Captain Dennis “Bud” Traynor was the captain on the plane. Many of the 138 passengers were children, and many of them were under age 2 and so small, they had to be carried onto the plane. “We bucket-brigade-loaded the children right up the stairs into the airplane,” Traynor remembers. The flight began normally, but shortly into the flight, when the plane’s cargo doors malfunctioned they blew out, taking with them a chunk of the tail. There was a rapid decompression inside the aircraft, causing the pilot, Traynor, to crash land the C-5 cargo plane into a nearby rice paddy. Traynor managed to stabilize the plane and turn it back toward Vietnam. After that, his only option was a crash landing. The impact was fierce. “It cut all control cables to the tail,” explains Traynor. “So I’m pulling and pulling and pulling, and my nose is going down further and further and we’re going faster and faster and faster, and I can’t figure this out. We came to a stop and I thought to myself ‘I’m alive,'” he says. “And so I undid my lap belt, fell to the ceiling, rolled open the side window, and stepped out and saw the wings burning. And I thought, ‘Oh no, that’s the rest of the airplane.'” Out of the more than 300 people on board, the death toll included 78 children and about 50 adults, including Air Force personnel. More than 170 survived.

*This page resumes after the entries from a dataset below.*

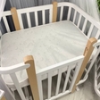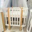 Матеріали:Ліжечко виготовлено з натурального дерева бука — міцного, екологічного та безпечного для дитиниРозміри:Маленьке ліжечко:Спальне місце: 60×84 смЗагальний розмір: 67×88 см
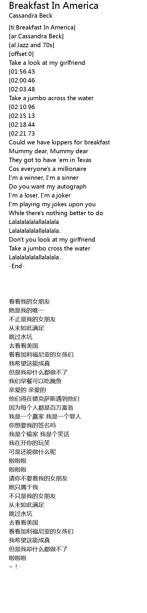 [ti:Breakfast In America] |
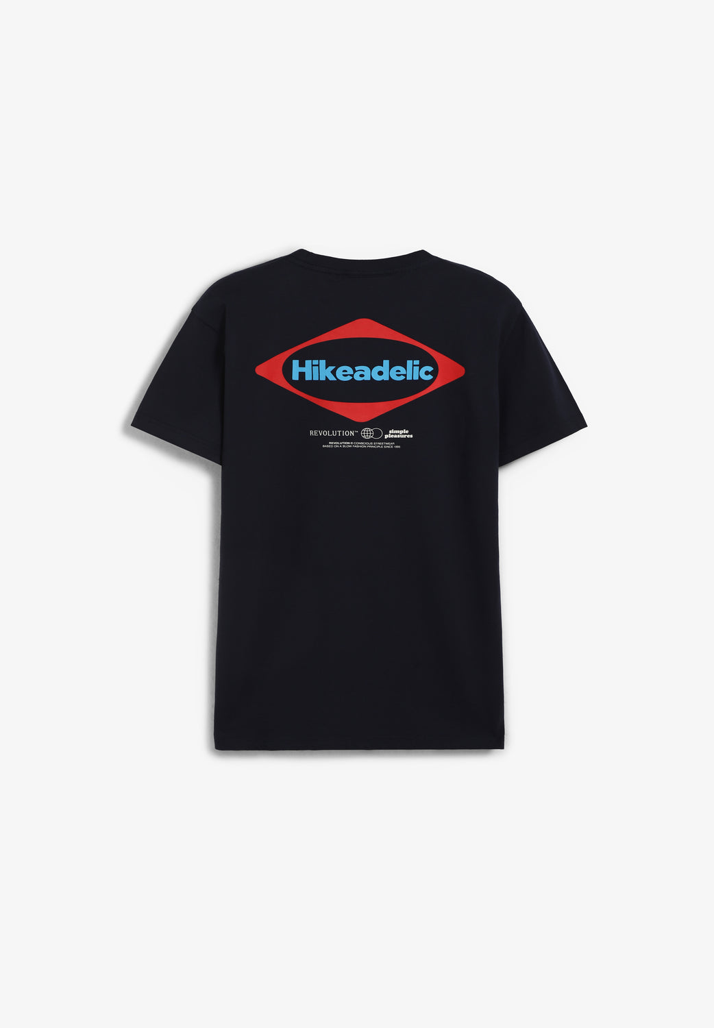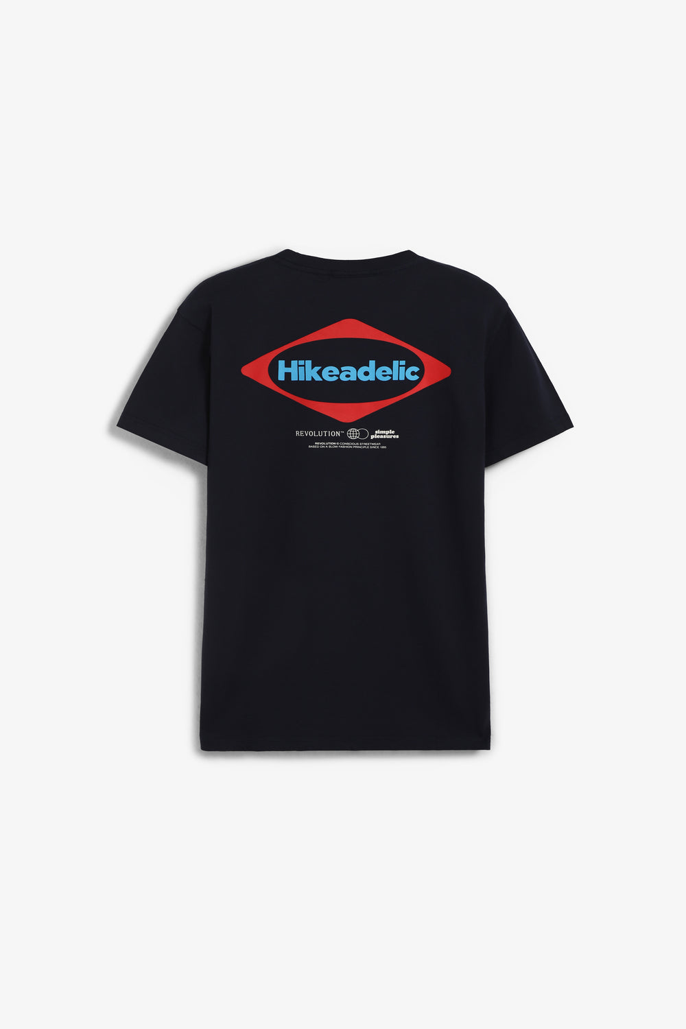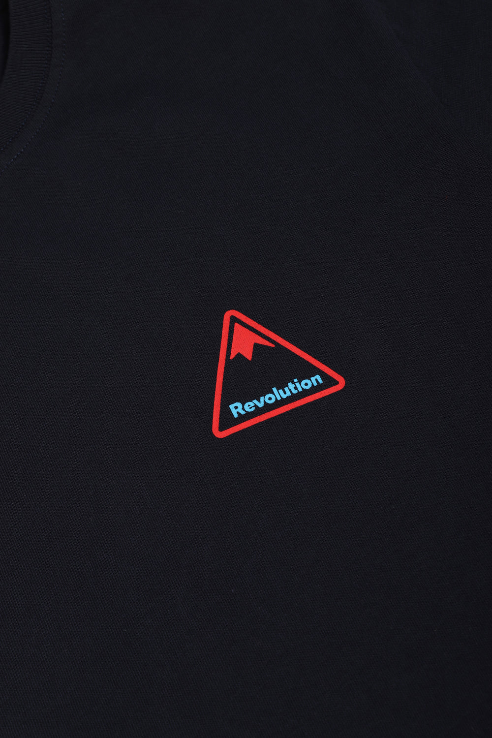 Camiseta Revolution confeccionada en jersey de algodón orgánico. Cuenta con cuello redondo, manga corta y estampado gráfico grande en la espalda y uno pequeño en el pecho.
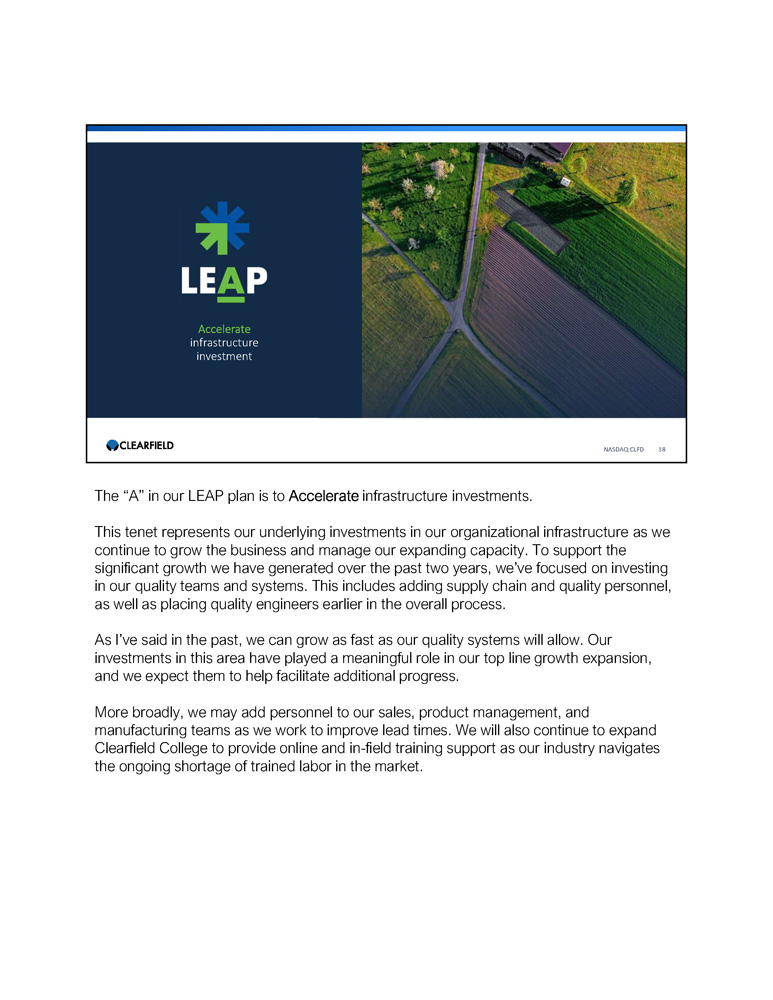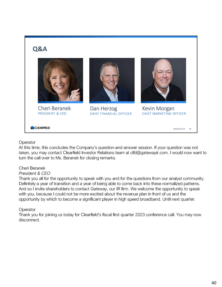 Cheri Beranek PRESIDENT & CEO Dan Herzog CHIEF FINANCIAL OFFICER Q&A NASDAQ:CLFD 40 Kevin Morgan CHIEF MARKETING OFFICER Operator At this time, this concludes the Company’s question - and - answer session. If your question was not taken, you may contact Clearfield Investor Relations team at clfd@gatewayir.com. I would now want to turn the call over to Ms. Beranek for closing remarks. Cheri Beranek President & CEO Thank you all for the opportunity to speak with you and for the questions from our analyst community. Definitely a year of transition and a year of being able to come back into these normalized patterns. And so I invite shareholders to contact Gateway, our IR firm. We welcome the opportunity to speak with you, because I could not be more excited about the revenue plan in front of us and the opportunity by which to become a significant player in high speed broadband. Until next quarter. Operator Thank you for joining us today for Clearfield’s fiscal first quarter 2023 conference call. You may now disconnect. 40
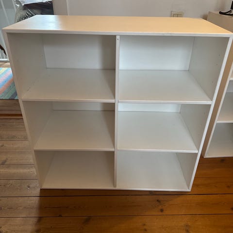 Hvide reoler der har været brugt i showroom.
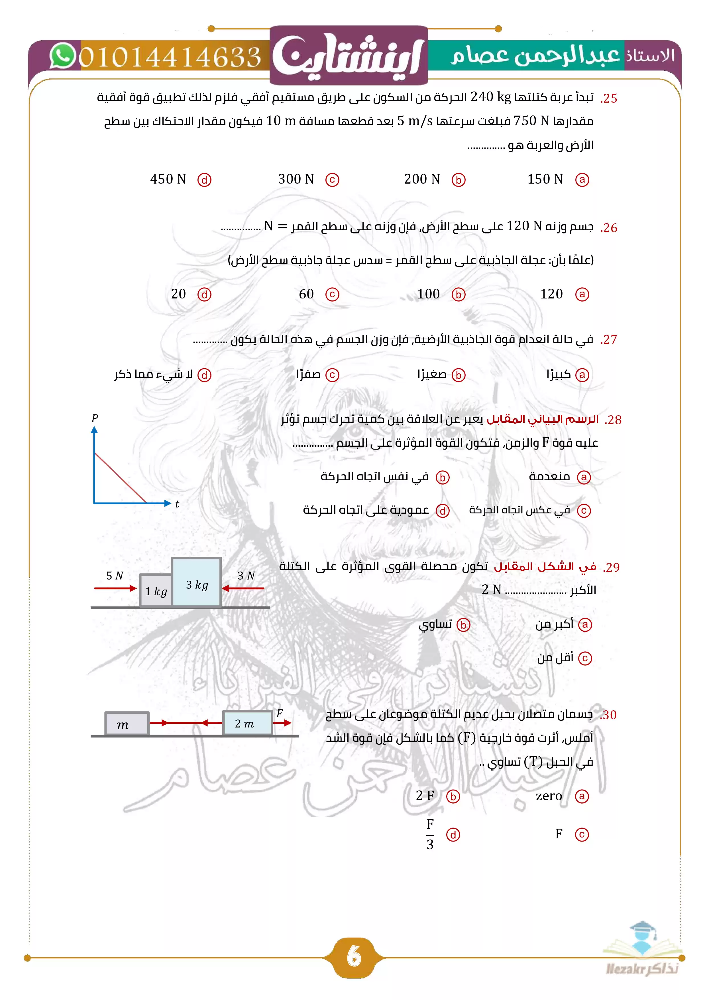 صفحة 6 من 94 صفحة من ملف: مذكرة أينشتاين في الفيزياء جزء التدريبات للصف الأول الثانوي الترم الثاني - Nezakr
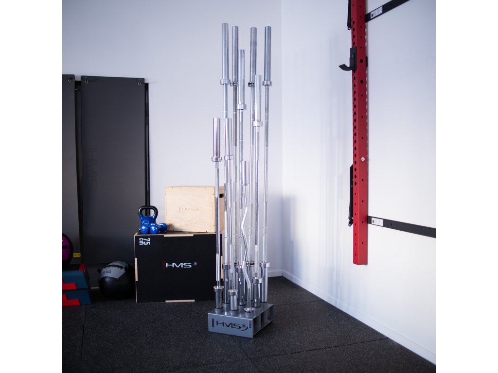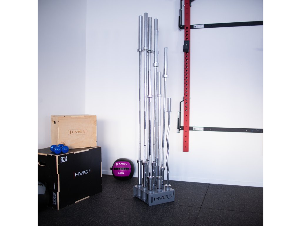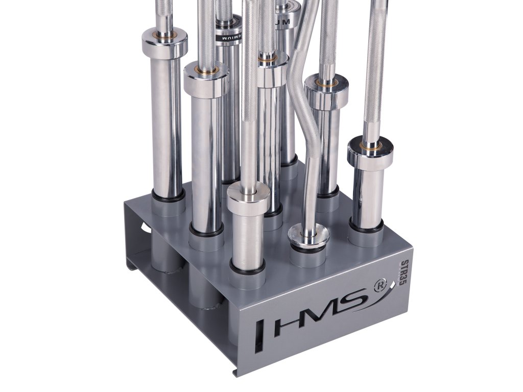 Stojan na olympijské osy STR35 od společnosti HMS vám ušetří spoustu místa ve vašem tréninkovém prostoru. Umožňuje postavit devět os vedle sebe ve svislé poloze.
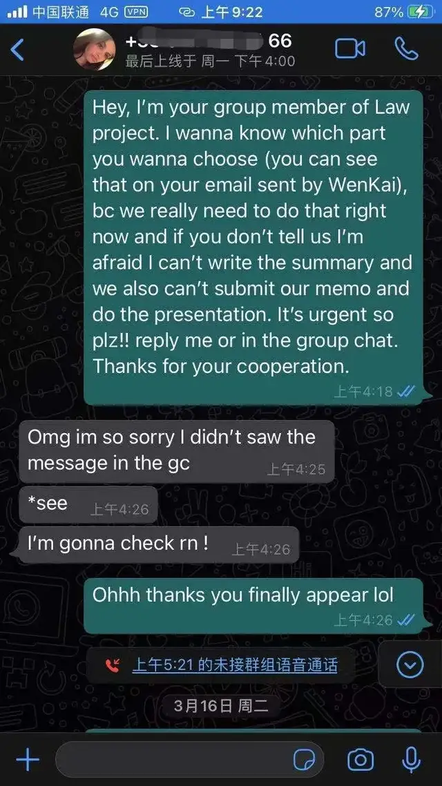 我和另一个组员在群里不停地呼唤她,但是毫无回应。我们也很贴心地没有再去打搅她的美梦(毕竟那个时候韩国是凌晨)

While it was an unusual plan, hatched in the midst of the political fallout, the United States government announced the plan to get thousands of displaced Vietnamese children out of the country. President Ford directed that money from a special foreign aid children’s fund be made available to fly 2,000 South Vietnamese orphans to the United States. Operation Baby Lift lasted for just ten days. Baby Lift was carried out during the final, desperate phase of the war, as North Vietnamese forces closed in on Saigon. Although this first flight ended in tragedy, the rest of the flights were completed safely, and Baby Lift aircraft brought orphans across the Pacific until the mission’s conclusion on April 14, just 16 days before the fall of Saigon and the end of the war.